Account public key discrepancy


#1

Hi,

Has anyone ever seen public keys for an account vary between the client and the LE server, yet most requests against the account still work (such as retrieving account info from /new-acct/ and changing the key)?

I’m wondering if there is a difference in the algorithm the library I’m using and the boulder implementation that sometimes results in some account public keys having a different result but still being somewhat valid (or is this normal behaviour).

I’ll admit to being a bit rusty at Elliptic curve crypto (and I’m far from being a crypto expert, generally). Happy to be schooled.

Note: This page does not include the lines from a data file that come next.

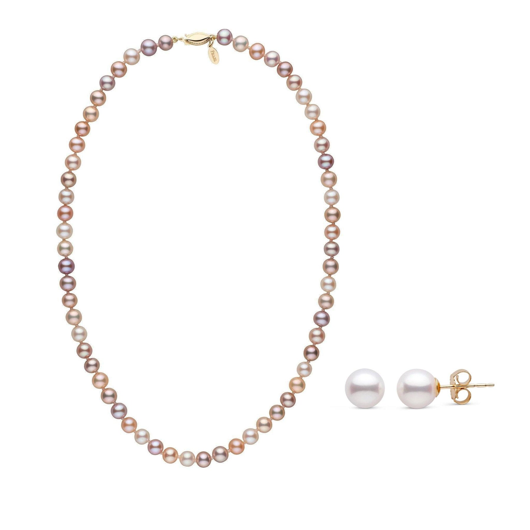 This two-piece set features our finest natural-color multicolor freshwater pearls—Freshadama grade—offered in a necklace and matching stud earrings. Representing the top 0.01% of each annual freshwater pearl harvest, these pearls are carefully selected for their exceptional luster, near-perfect roundness, and vibrant natural hues of lavender, peach, and white.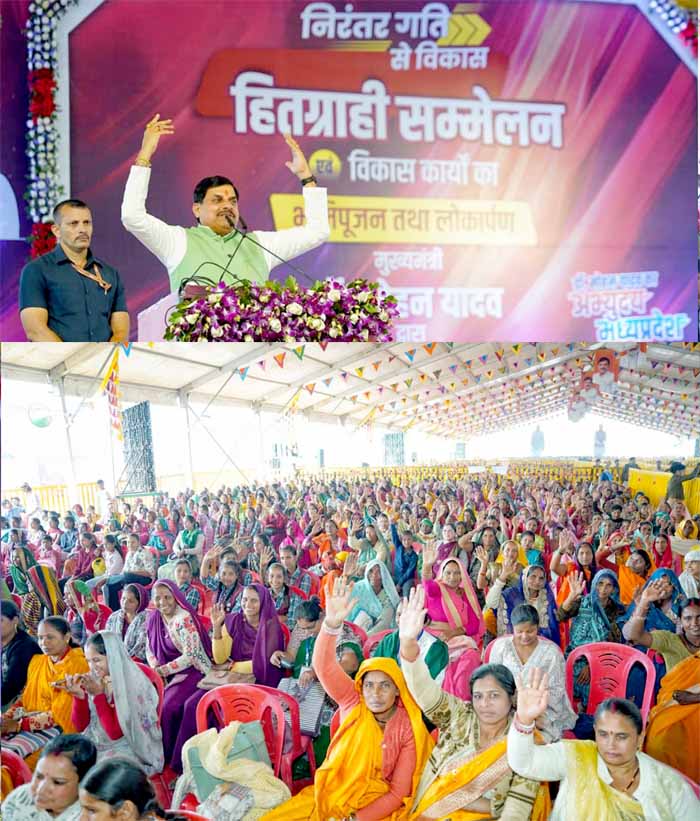 मुख्यमंत्री डॉ. यादव बुधवार को पन्ना जिले की पवई विधानसभा क्षेत्र की ग्राम पंचायत शाहनगर में हितग्राही सम्मेलन को संबोधित कर रहे थे। मुख्यमंत्री डॉ. यादव ने यहां करीब 83 करोड़ रूपए की लागत वाले 14 विकास कार्यों का लोकार्पण एवं भूमिपूजन किया। इसमें 9 करोड़ रूपए की लागत से बनी बिसानी-श्यामगिरी-कल्दा-सलेहा वाया मैन्हा मार्ग के उन्नयन कार्य का लोकार्पण एवं 74 करोड़ रूपए की लागत से बनने वाले 13 विकास कार्यों का भूमिपूजन शामिल हैं। इसके अंतर्गत मुख्यमंत्री ने 4.25 करोड़ रूपए की लागत से बनने वाले पवई में तिघरा बैराज का भूमिपूजन किया। मुख्यमंत्री डॉ. यादव ने दीप प्रज्ज्वलन एवं कन्या पूजन कर हितग्राही सम्मेलन की शुरूआत की। कार्यक्रम का शुभारंभ वंदे मारतम् गायन के साथ हुआ। मुख्यमंत्री डॉ. यादव ने कार्यक्रम स्थल पर विभिन्न विभागों द्वारा लगाई गई विकास प्रदर्शनी का अवलोकन किया।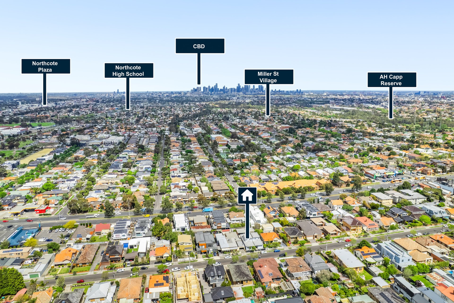 A master/guest bedroom with a walk-in robe and luxe ensuite is privately positioned on the first floor, and opens to a private balcony offering city glimpses, making it an ideal retreat from the main living area, while chic laundry/powder rooms, heating/cooling and secure double carport accessed via right-of way offer high-end modern living. Near amenities that include Gilbert and St Georges Road trams, Bell Station, well-regarded schools, Preston Market and High Street’s cosmopolitan shopping, restaurants and cafes. A must see home!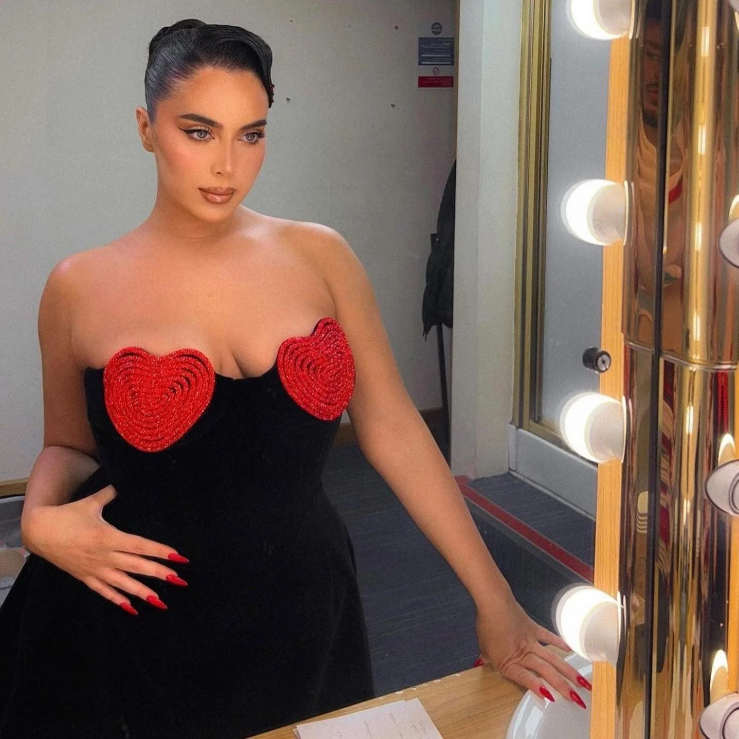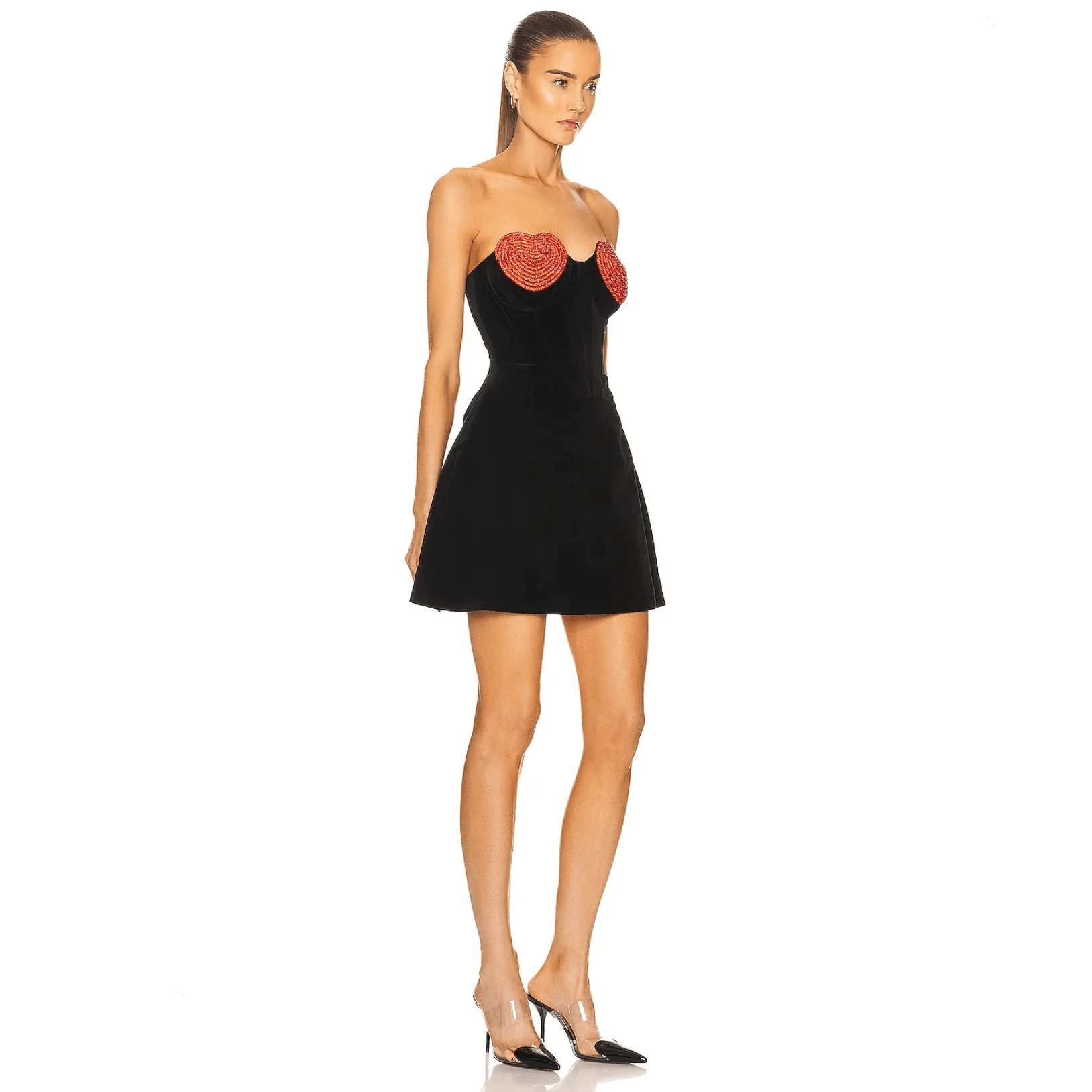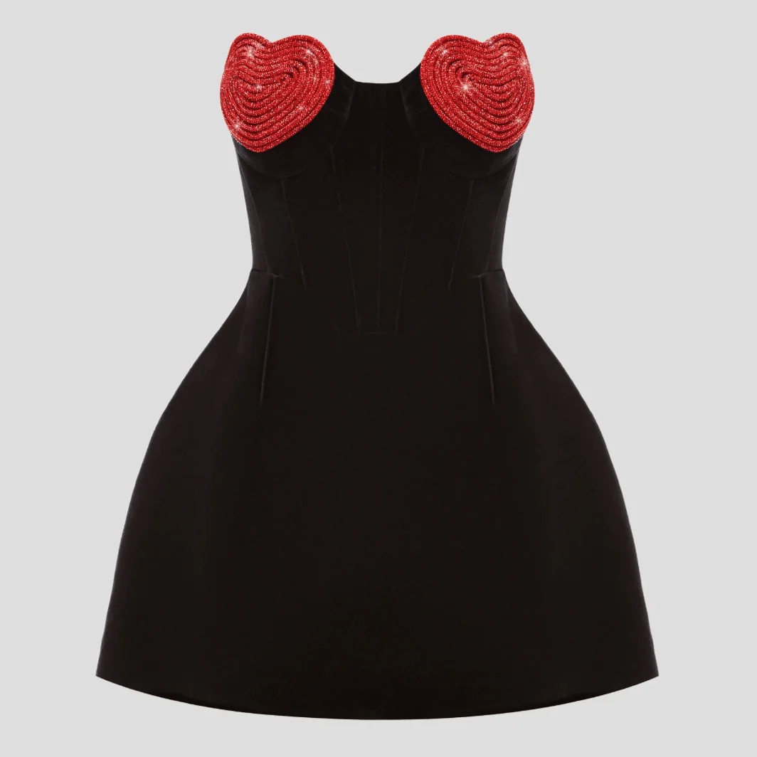 Elevate your wardrobe with this elegant black mini dress featuring charming diamond heart embellishments. This dress offers a flattering silhouette, high-quality comfort, and style, ideal for festive events. Transition seamlessly from day to night with this standout piece, pairing it with sleek satin heels for added glamour. Follow us on Instagram @mermaid_way for more style inspiration and outfit ideas. Materials: Polyester, Spandex, Velvet. Enjoy a complimentary exchange if the item doesn’t fit as expected.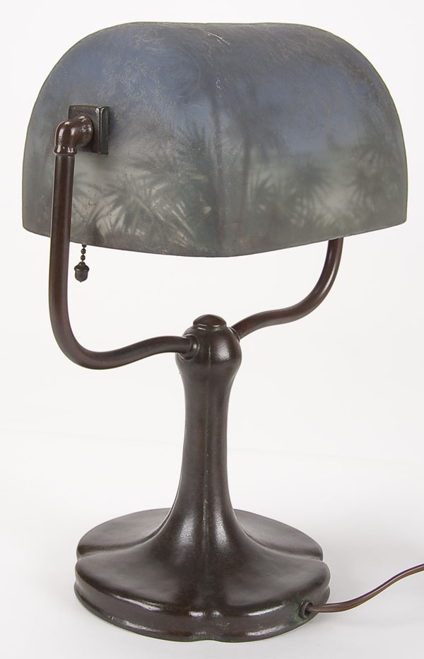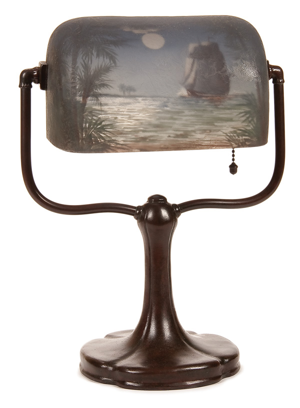 A GOOD HANDEL 'TREASURE ISLAND' REVERSE PAINTED DESK LAMP, CIRCA 1915. The domed rectangular shade with embossed texture depicting a moonlit tropical pirate ship on obvserse and a distant second ship on reverse contained in a bronzed metal harp shape base. The shade signed 'Handel 6576'. Height 14 inches (36 cm)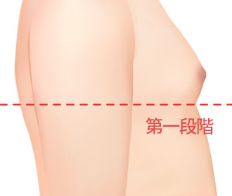 乳輪の周りに2~3㎝の切開線を開き 乳腺組織を直接切開することで 女性化乳房症を矯正します。

For instance, on staging, account id 7392041 locally had the public key:

 "key": {
    "kty": "EC",
    "crv": "P-256",
    "x": "nPTIABcDASY6FNGSNfHCB51tY7qChtgzeVazOtLrwQ",
    "y": "vEEs4V0egJkNyM2Q4pp001zu14VcpQ0_Ei8xOOPxKZs"
  }

and a query to /new-acct/ (which works fine) says the public key is:

 "key": {
    "kty": "EC",
    "crv": "P-256",
    "x": "AJz0yAAXAwEmOhTRkjXxwgedbWO6gobYM3lWszrS68E",
    "y": "vEEs4V0egJkNyM2Q4pp001zu14VcpQ0_Ei8xOOPxKZs"
  }

Requests generally work, except when validating challenge response (DNS or HTTP), which fail because the answer is not as expected, presumably skewed by the difference in key.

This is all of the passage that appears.